### PROVIDED MATERIAL
#####
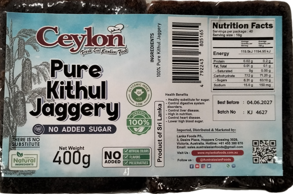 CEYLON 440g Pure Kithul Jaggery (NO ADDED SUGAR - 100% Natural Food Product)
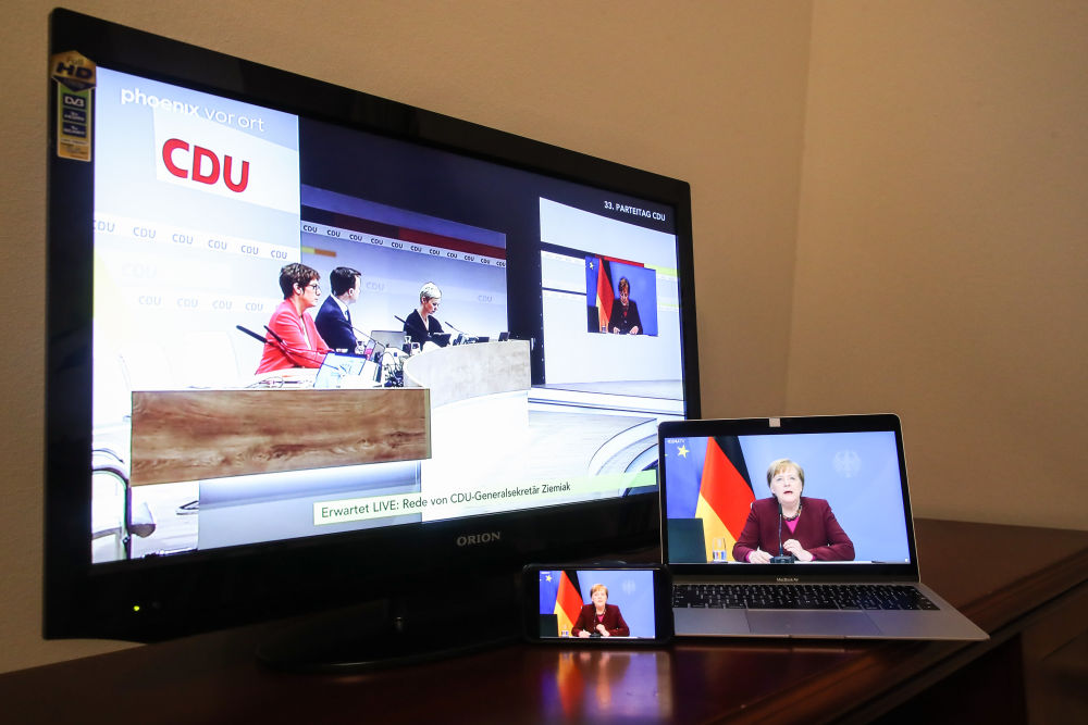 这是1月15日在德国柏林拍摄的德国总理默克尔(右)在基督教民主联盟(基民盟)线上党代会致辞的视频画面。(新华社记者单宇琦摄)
#####
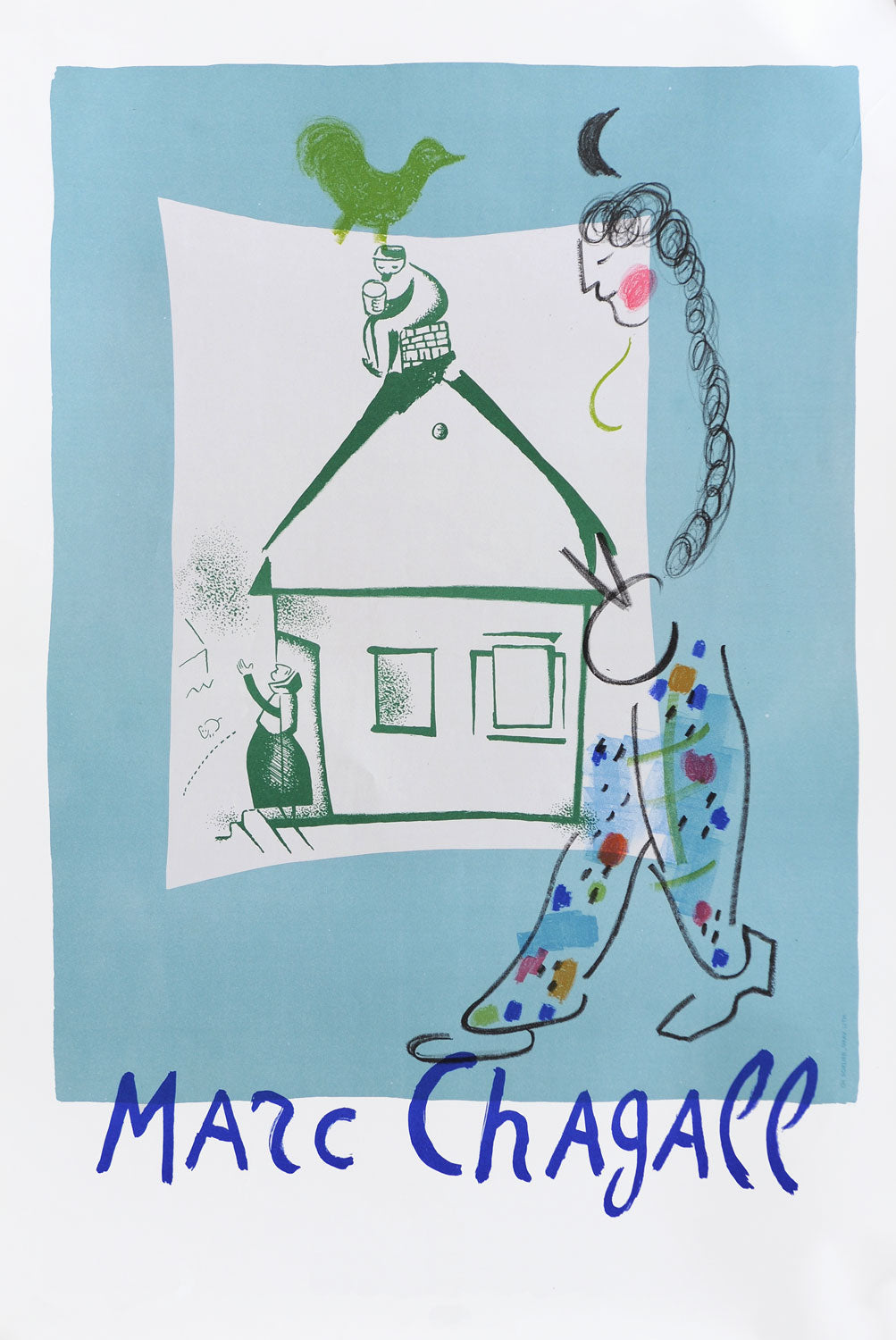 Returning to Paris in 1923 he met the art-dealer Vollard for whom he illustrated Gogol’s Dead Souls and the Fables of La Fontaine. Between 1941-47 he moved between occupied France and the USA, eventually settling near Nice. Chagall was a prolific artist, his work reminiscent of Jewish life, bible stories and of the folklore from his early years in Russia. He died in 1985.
#####
### WORK INSTRUCTION
Please print the lines above word for word, starting at the one with "CEYLON 440g Pure" and ending at the one with "这是1月15日在德国柏林拍摄", both included, and without any picture.

### THE COMPLETED TASK
 CEYLON 440g Pure Kithul Jaggery (NO ADDED SUGAR - 100% Natural Food Product)
 这是1月15日在德国柏林拍摄的德国总理默克尔(右)在基督教民主联盟(基民盟)线上党代会致辞的视频画面。(新华社记者单宇琦摄)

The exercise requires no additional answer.